Words of Radiance: Tor hardcover, March 2014, 1080 pages, cover art by Michael Whelan. Words of Radiance is the second volume of Sanderson's Stormlight Archive epic fantasy series. Like The Wheel of Time, which Sanderson completed after Robert Jordan's death, The Stormlight Archive is a multi-volume series of door-stopper fantasies. Sanderson has written several other novels and won the Hugo Award for his novella "The Emperor's Soul."
Words of Radiance begins with a flashback to when Jasnah Kholin was introduced to Shadesmar, the mythological realm of the magical spheres called spren, and soon after was witness to the assassination of her father, the king. Six years later, Jasnah has taken on a young woman named Shallan as a sort of apprentice. As they sail together through the frigid seas bordering the south of the kingdom, Shallan is delighted to learn that Jasnah is attempting to arrange for Shallan to marry Jasnah's cousin. I don't know how any of this relates to what happened in the first volume of this series, which I have not read, but so far I'm not having any difficulty following the story.
Into the Wilderness: Pyr hardcover, January 2014 (published in New Zealand in 2010), 331 pages, cover images by Roy Hsu & Koolstock. Into the Wilderness is Book Two in Hager's Book of the Lamb young adult series. Hager has written multiple YA books that have been well received in her home of New Zealand. Book of the Lamb is her first work to receive wide distribution in the U.S.

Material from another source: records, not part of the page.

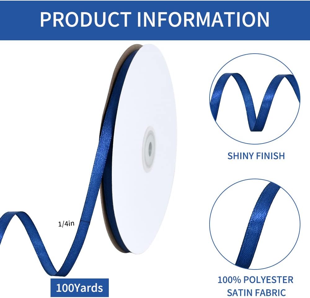 - 【1/4 INCH SATIN RIBBON】:High grade single face solid satin ribbons, 1/4 inch(6mm)wide and come in a convenient 100 yards(91m)packages. Perfact enough length to meet your needs.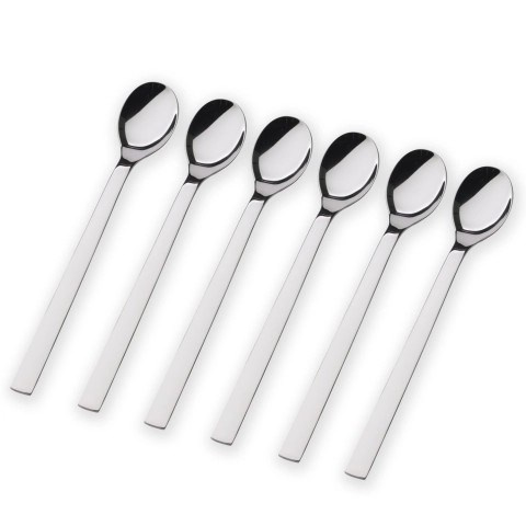 Elegantní řešení pro vysoké sklenice. Lžičky na latte macchiato z kolekce Nuova jsou navrženy s extra dlouhou rukojetí, která hravě dosáhne na dno vysokých sklenic. Jsou ideálním společníkem nejen pro milovníky vrstvených kávových specialit, ale také pro podávání pohárů, koktejlů nebo jogurtů ve vysokých nádobách.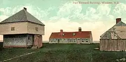 44°59′47″N 64°08′07″W / 44.996397°N 64.1354°W Fort Edward is a National Historic Site of Canada in Windsor, Nova Scotia, (formerly known as Pisiguit) and was built during Father Le Loutre's War (1749-1755).[1] The British built the fort to help prevent the Acadian Exodus from the region.[2] The Fort is most famous for the role it played both in the Expulsion of the Acadians (1755) and in protecting Halifax, Nova Scotia from a land assault in the American Revolution. While much of Fort Edward has been destroyed, including the officers' quarters (which burned down in 1922) and barracks, the blockhouse that remains is the oldest extant in North America.[3] A cairn was later added to the site.

Into the Wilderness begins on a small boat being tossed about a large ocean. Our dark-skinned protagonist Maryam has escaped the racial and religious oppression of her island home, along with her best friend Ruth and her white boyfriend Joseph. Also with them is Lazarus, another white boy of privilege who, unlike Joseph, is an unsufferable prick who didn't see anything wrong with the repressive system they just left. (Makes things easier on the author when the characters are thoughtful enough to bring a bad guy along with them as they travel, eh?) Our characters don't know what to expect on their journey, having been assured by their society's untrustworthy leaders that the rest of the world was destroyed in some calamity. On the first leg of the trip, Maryam consoles Ruth, who was raped by their society's leader (Lazarus's father), and makes out with Joseph.
The Battle: I have a confession to make: I harbor a mild prejudice against multi-volume series of fat fantasy novels. There's a sameness to many fat fantasies, and as a relatively slow reader I am easily intimidated by the sheer mass of such books. So while Into the Wilderness struck me as an appealing YA book, I was not especially looking forward to diving into Words of Radiance.
That turned around quickly. After just the prologue and the first chapter of Words of Radiance, Brandon Sanderson is already well on his way to winning me over with his sprawling series. The writing is nice but not distracting. The characterization is strong so far——I am especially interested in Shallan, a very uncertain but likable young character. The magical system involving the "spren" seems interesting. I liked Shallan's comparison of the spren, "fragments of human expectation, given life," to how authority often comes simply from acting with self-confidence. And the story already has some nice scenery, such as the huge santhid swimming alongside Shallan's ship. I'm looking forward to more of this book, and suddenly the idea of reading thousands of pages in this series doesn't seem so daunting.
Meanwhile, I've already lost interest in Into the Wilderness after the first two chapters. The fundamental problem for me is that the story lacks any subtlety, even for a YA book. The characters are either shining with purity or rotten to the core. The dialogue is clunky, because Hager is so intent on getting the characters to make her points as clearly as possible. And the narrative repeatedly drops into lecture mode. For example, when Joseph notes that a dolphin swimming past shows no fear, Maryam answers:
"Why would it, when it has free rein of this vast ocean?" Fear is something you have to learn first hand, she thought, remembering her own shocking swing from bliss to dread after she had Crossed from the atoll to the Holy City. Could anything be worse than knowing those you most trusted had betrayed you? She reckoned not.This is a fine passage, until the last two sentences. The "Could anything be worse" line is an unnecessary intrusion by the author. For Hager to then actually answer her own rhetorical question demonstrates an appalling lack of trust in her readers. I sensed the same lack of trust in multiple other passages in the first 38 pages of Into the Wilderness, leaving me less than anxious to read more.
THE WINNER: Words of Radiance by Brandon Sanderson
Words of Radiance advances to the second round to take on Swords of Good Men by Snorri Kristjansson.